Honey-coloured light comes from our bedroom just next door from the blue room. I ignore it and look at the morning's sky instead, with its piercing blueness and its paper clouds.

"It's impossible."

That he could continue to love Harry through me. Because I am the closest he's been to him, apart from the time he killed him. And therefore I'm his love's substitute. But in the moment he holds me in his arms I don't care. It's such a feeling! Like holding a shooting star your prisoner. An egotistical delight. A miracle between flames of passion.

Disbelieving. Surprised. Disgusted.

That he could transfer his desire to me as long…

As long as he pretended.

Secrets from the bottom of the ocean that I refuse to see. Lost ships. All of us.

Mermaids wink at me from the walls of the blue room.

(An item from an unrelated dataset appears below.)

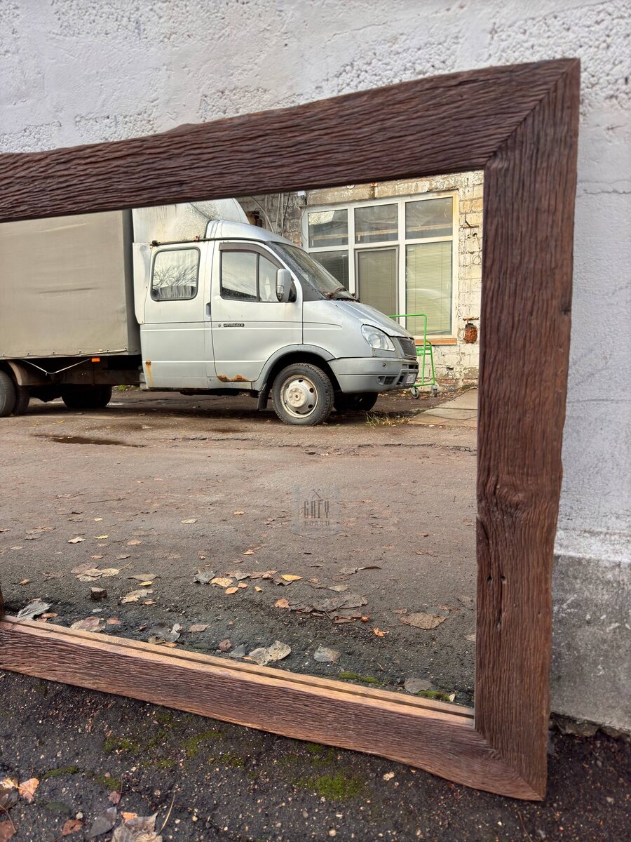 Рама выполнена из старого дуба — с живой фактурой, глубоким рельефом и временем, запечатлённым в каждой трещинке. Мы не стремились скрыть возраст древесины, наоборот — подчеркнули его. Такое зеркало становится не просто предметом интерьера, а настоящим акцентом — тёплым, самобытным, вечным. #стараядоска #зеркало #магазинстарыхдосок #greyboard #зеркаловраме

I open the window and a light breeze plays with the crystal blue mobile.

"Well, well, it seems little Weasley is not as good as I thought."

Hope in his eyes.

That he was somehow like me. That Harry could love, want , need someone like him. Someone "not good."

The night uncovers the pain that covers pleasure. Shadows of moonlight on my fallen angel. Draco.

But there's no day without night and no night without an end.

You stupid girl! I swear I'll never understand!

How could the Boy Who Lived have been with me.

"Where's Potter?"

"Maybe he's dead."

He looks at me.

Eyes wide.

With the terror of Harry's death. How can the one who loves go on when the object of their love ceases to exist?

"Do you really want to save me?"

And I do. And I tried.

Tears fall.

His.

"I killed him."

And he was so broken. And so was I because he is everything to me. When he hurts, I hurt.

I don't know if I want to be his saviour anymore. I'm the scent of sand dust. I'm the time that's passed.

From what I could gather they fought. Till death.

From I've heard whispered he told him he loved him.

From what was rumoured Harry asked for me. Died for me.

And Draco blames me for it.

Blue light shimmers across the blue room.

The manor. Just another form of cage.

I'm being summoned for breakfast. Where I'll be lady Malfoy.

I leave the blueness behind me. Along with the scent of sand dust.